Aktualne statystyki:
https://www.medonet.pl/koronawirus/koronawirus-w-polsce,koronawirus-w-polsce---statystyki-dla-wojewodztw--aktualne-dane-,artykul,20479121.htmlEdit:
Kolejna drugoręczna
relacja - dowiedziałem się dziś z rodzinnych pogaduch, że żona kuzyna, dość znana prawnik (nie tak znana, jak pewien niedawno zatrzymany adwokat, ale zawsze
) - zaraz wyjaśnię czemu o tym wspominam - również
TO przeszła.
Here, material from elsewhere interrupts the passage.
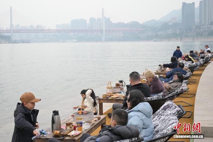 12月27日,沉庆北滨道海棠烟雨花园,市平易近、乘客正在少江干“围炉煮茶”,领会冬季戚忙新场景,乐享缓死活。中新社记者 何蓬磊 摄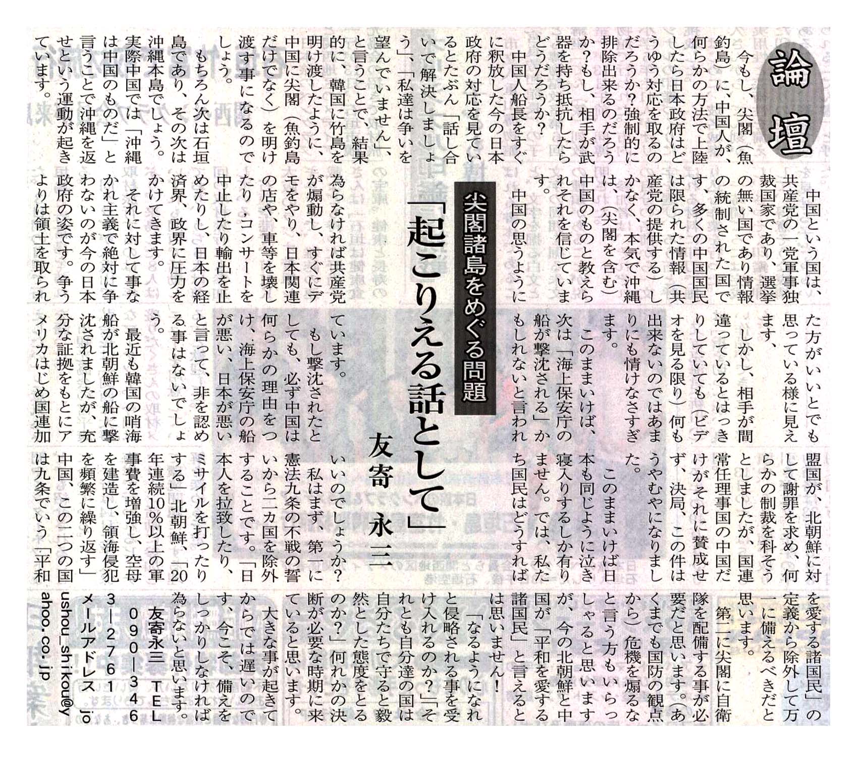 <論壇>尖閣諸島をめぐる問題/「起こりえる話として」/友寄永三

Objawy na pograniczu bezobjawowości - jednodniowa niewysoka gorączka, lekki katar (bez kaszlu!), potem dwa tygodnie odczuwalnego, ale nie uniemożliwiającego +/- normalnego funkcjonowania (czuła się na tyle źle, że jeszcze przed objęciem kwarantanną nieco zwolniła tempa, ale nie do tego stopnia by musieć leżeć w łóżku, czy - przy rzeczy nieświadomości - całkowicie wziąć sobie wolne od pracy), osłabienia. Zostało jej niegroźne, choć dokuczliwe, powikłanie - utrzymujące się zapalenie spojówek. Co zabawne nie tylko nikogo nie zaraziła (choć, że to
koroniak wyszło przypadkiem, po około tygodniu
*, do tego czasu, jako się rzekło, nie izolowała się szczególnie od otoczenia), ale i nie da się ustalić od kogo złapała. Jej mąż, wszyscy ze sporej grupy osób, z którymi miała kontakt zawodowy, a także znajomi, których podejmowała na (mieszczącej się w dozwolonych ówczesnymi regulacjami limitach ilościowych; to straszna legalistka także w życiu prywatnym) imprezce w dniu, w którym dostała gorączki - a co do jednego ich solidnie przetestowano - nie tylko mieli negatywne wyniki testów, ale i nie skarżyli się w zbliżonym czasowo okresie na jakiekolwiek grypo- czy COVIDoidalne dolegliwości.
* Przetestowała się komercyjnie pod kątem planowanego kilkudniowego wyjazdu zagranicznego. Późniejszy,
państwowy, test potwierdził wynik.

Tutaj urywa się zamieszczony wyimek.